Merriam-Webster^[1]	American Heritage^[2]	Oxford^[3]	Webster’s New World^[4]	Random House^[5]	Encyclopedias
Merriam-Webster^[1]	American Heritage^[2]	Oxford^[3]	Webster’s New World^[4]	Random House^[5]	Britannica^[6]	Columbia^[7]
Be·neš, Edvard	Be·neš, Eduard	Beneš, Edvard	Beneš, Edvard	Be·neš, Ed·u·ard	Edvard Beneš	Eduard Beneš
Koś·ciusz·ko, Tadeusz Andrzei Bonawentura	Kos·ci·uśz·ko or Kos·ci·us·ko, Thaddeus	Kosciusko, Thaddeus	Kosciusko, Thaddeus	Kos·ci·us·ko, Thaddeus	Tadeusz Kościuszko	Thaddeus Kosciusko
Mit·ter·rand, François (-Maurice)	Mit·ter·rand, François Maurice	Mitterrand, François	Mitterrand, François (Maurice)	Mit·ter·rand, Fran·çois (Mau·rice Ma·rie)	François Mitterrand	François Maurice Mitterrand
Tō·jō Hideki	To·jo, Hideki	Tojo, Hideki	Tojo, Hideki	To·jo, Hi·de·ki	Tōjō Hideki	Tōjō Hideki
Vö·rös·marty, Mihály^[8]	N/A	N/A	N/A	N/A	Mihály Vörösmarty	Mihály Vörösmarty
Wa·łe·sa [sic.], Lech	Wa·łę·sa, Lech	Wałęsa, Lech	Wałęsa, Lech	Wa·łę·sa, Lech	Lech Wałęsa	Lech Wałęsa

The U.S. Board on Geographic Names sets U.S. government usage in geography. The “conventional” name is the name BGN deems suitable for English language usage. The “approved” name is the official name in the local language.

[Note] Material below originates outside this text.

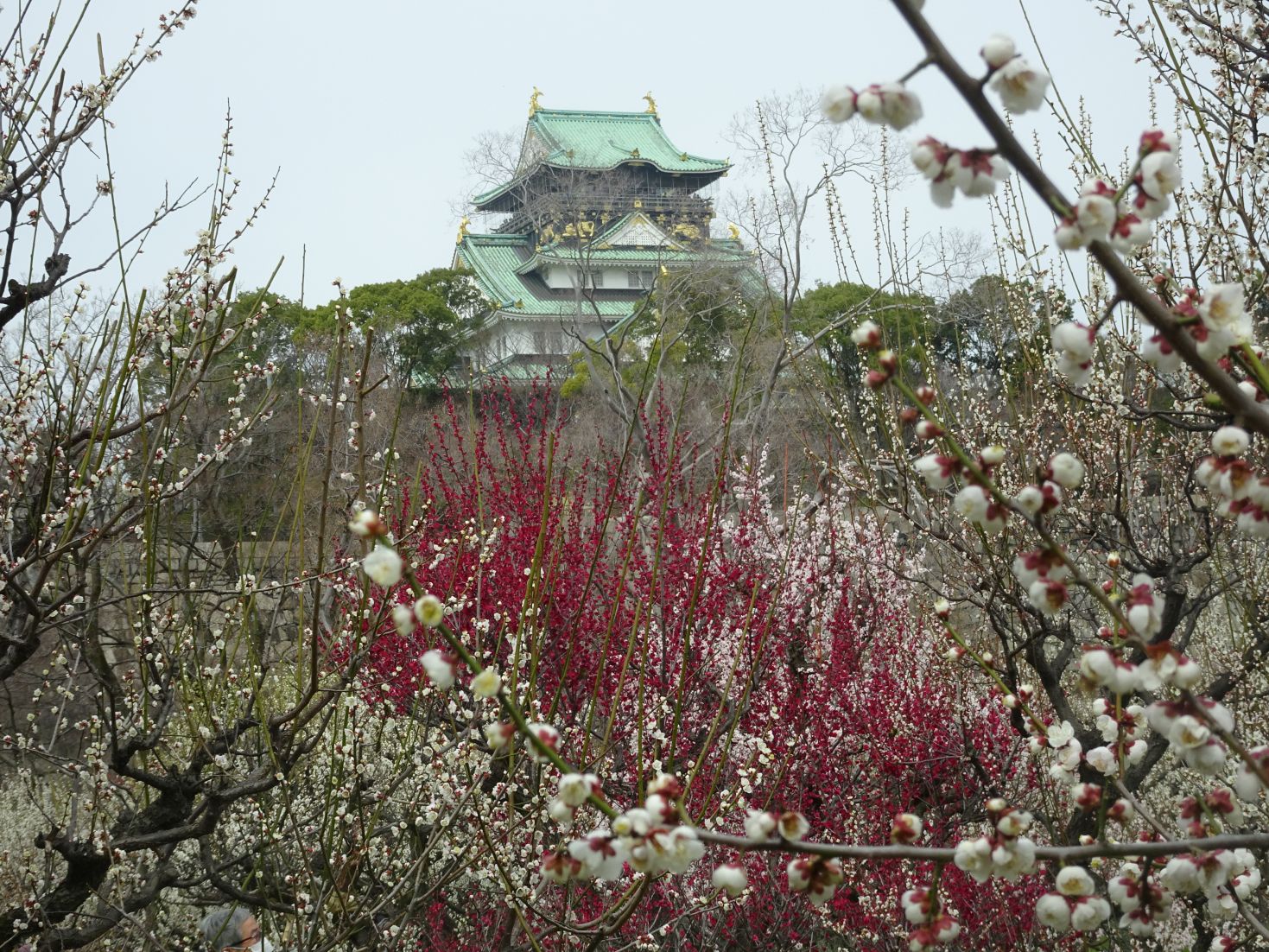 今年初めての梅林散策、「大阪城梅林」、やっと「見頃」になった。3月13日、今年初めての梅林散策に出掛けました。今年は、特に関西では冬の寒さのためか、梅の開花が例年より20日くらい遅れていました。例年なら2月中旬に「開花宣言」をする「大阪城梅林」も、今年の開花宣言は、「3月初旬」になってしまったのです。開花宣言から約10日経った。そろそろ「見頃」の筈だ?ということで、3月13日に「大阪城梅林」に出掛けて見たのです。奈良のリュウちゃんの家から大阪城梅林まではJRで約1時間で行けます。朝8時30分、家を出発、9時30分、梅林の最寄り駅、「JR大阪城公園前」に到着。大阪城の外堀付近には、菜の花と木瓜の花が咲いていた。外堀には、水鳥も泳いでいた!二の丸の北にある「青屋門」から入城します。「青屋門」の近くから見上げた天守閣、やはり凄い威容だ!北口(出口?)から梅林に入ります。おお、北口から遠目に見える梅林、ほぼ満開だ!梅林の様子です。天守閣を見上げる大阪城梅林、水仙も満開なのだ!<大阪城梅林について>「大阪城梅林」は、昭和49年、大阪府立北野高校の卒業生が開校100周年の記念事業として、22品種、880本の梅に木を大阪市に寄贈したことで、開園しました。開園51周年を迎える現在、梅林には105品種、1245本の梅が植えられているのだそうです。以下のサイトには、「大阪城梅林」に植えられている全品種が写真付きで紹介されていますので、興味のある方はクリックしてご覧くださいね。<特別史跡「大阪城公園」―梅林―>それでは、ここから、この日撮ることが出来た梅の品種を順に紹介して見ます。<南高梅>梅林の入口にある白梅、和歌山県みなべ町で算出された品種で、果実(梅の実)は、最高級品種と云われています。<一重緑萼><一重野梅><武蔵野>日本の梅の中で、一番大きな花を付ける品種。<八重唐梅><八重緑萼><豊後(ぶんご)><鹿児島紅><古城><白加賀>金沢の加賀潘邸に植えられていた白梅、果実としては前出の「南高梅」に次ぐ生産量があるようだ。<八重揚羽><うなじ小町><中国梅><江南><道知辺(みちしるべ)>大阪城梅林の2025年の梅。花形の整ったピンクの梅です。暗い夜道でも、「道しるべ」の役割が果たせるほどに香りが強く、また、わずかな月明りでも目印になる花であることから命名された。ここの「道知辺」、まだ「咲き始め」だ。<紅千鳥><月の桂><玉拳(ぎょっけん)><初雁>まだ「蕾」、<黒雲>黒紅色の八重の中輪です。<東錦><夫婦梅枝垂><思いのまま>一本の梅の木で、紅白2色の花を付ける品種です。<鶯宿><楊貴妃>豊後系のピンクの大輪の梅の花です。園内の説明文の立札には、「枝にあふれるように大輪の花をつける。天に向かって伸びる枝が楊貴妃の立ち姿のよう。名前のとうり艶やかな八重の紅梅」と書かれています。この梅、上手く撮ることが出来ませんでしたので、以下にネットからお借りした「鮮やかな立ち姿の楊貴妃」の写真を貼り付けます。「楊貴妃」の美をカメラに捉えることは、「至難の技」なのだ。(ネットからお借り」した「楊貴妃」)フ~、やっと25種類の梅の花を紹介することが出来ました。「大阪城梅林」を退出したのが正午少し前、JR環状線「京橋駅」まで行き、駅前の商店街にある鮮魚店「大起水産」で昼食、プファ~、ビールが旨い!海鮮丼のネタもとびっきり新鮮だ!ここは「大阪城梅林」の至近距離、梅の香りが漂ってくるように思われる。午後1時過ぎに「大起水産」を後にして、次の目的地である「道明寺天満宮」の梅園に向かいました。「道明寺天満宮」は、大阪府藤井寺市にある菅原道真を祀る神社で、梅園には80種800本の梅が植えられているのです。梅園の入口のところで、「盆梅展」が開催されていました。規模としては、「長浜盆梅展」などには遠く及ばないが、丹精された小品の「盆梅」は心に残る。「思いのまま」の小盆梅、見事に紅白に咲き分けている!「梅林」に入ります。この梅林は、品種名が全く表示されていませんので、以下、何枚か写真を貼り付けるのみと致します。品種名が表記されていないと、手も足も出ない(情けなや~)梅園の奥手の巨大クスノキ、幹周5,8m、樹高23m、圧巻の巨樹だ!

Merriam-Webster^[1]	American Heritage^[2]	Oxford^[3]	Webster’s New World^[4]	Random House^[5]	Encyclopedias		U.S. Board on Geographic Names^[9]
Merriam-Webster^[1]	American Heritage^[2]	Oxford^[3]	Webster’s New World^[4]	Random House^[5]	Britannica^[6]	Columbia^[7]	Conventional	Approved
Is·tan·bul	Is·tan·bul	Istanbul	Istanbul	Is·tan·bul	Istanbul	Istanbul	N/A	İstanbul
Jy·vas·ky·la	N/A	Jyväskylä	N/A	Jy·väs·ky·lä	Jyväskylä	Jyväskylä	N/A	Jyväskylä
Lü·beck	Lü·beck	Lübeck	Lü·beck	Lü·beck	Lübeck	Lübeck	N/A	Lübeck
Plo·iesti or Plo·esti	Plo·ieş·ti or Plo·eş·ti	Ploieşti	Plo·ieş•ti or Plo·eş·ti'	Plo·eş·ti	Ploieşti	Ploieşti	N/A	Ploiești
Zu·rich	Zu·rich	Zurich	Zu·rich	Zu·rich	Zürich	Zürich	N/A	Zürich
Vietnamese towns
Ho Chi Minh City	Ho Chi Minh City	Ho Chi Minh City	Ho Chi Minh City	Ho Chi Minh City	Ho Chi Minh City	Ho Chi Minh City	Ho Chi Minh City	Thành Phố Hồ Chí Minh
Ha·noi	Ha·noi	Hanoi	Hanoi	Ha·noi	Hanoi	Hanoi	N/A	Hà Nội
Hai·phong	Hai·phong	Haiphong	Haiphong	Hai·phong	Haiphong	Haiphong	N/A	Hải Phòng
Hue^[10]	Hue	Hué	Hue	Hué	Hue	Hue	N/A	Huế

Electronic encoding

Eight characters with diacritics are included in International Morse Code: Ä, Á, Å, Ch (a Czech digraph), É, Ñ, Ö, and Ü. This encoding method, which includes only capital letters, was developed by Friedrich Clemens Gerke in 1848 and was adopted as an international standard in 1865.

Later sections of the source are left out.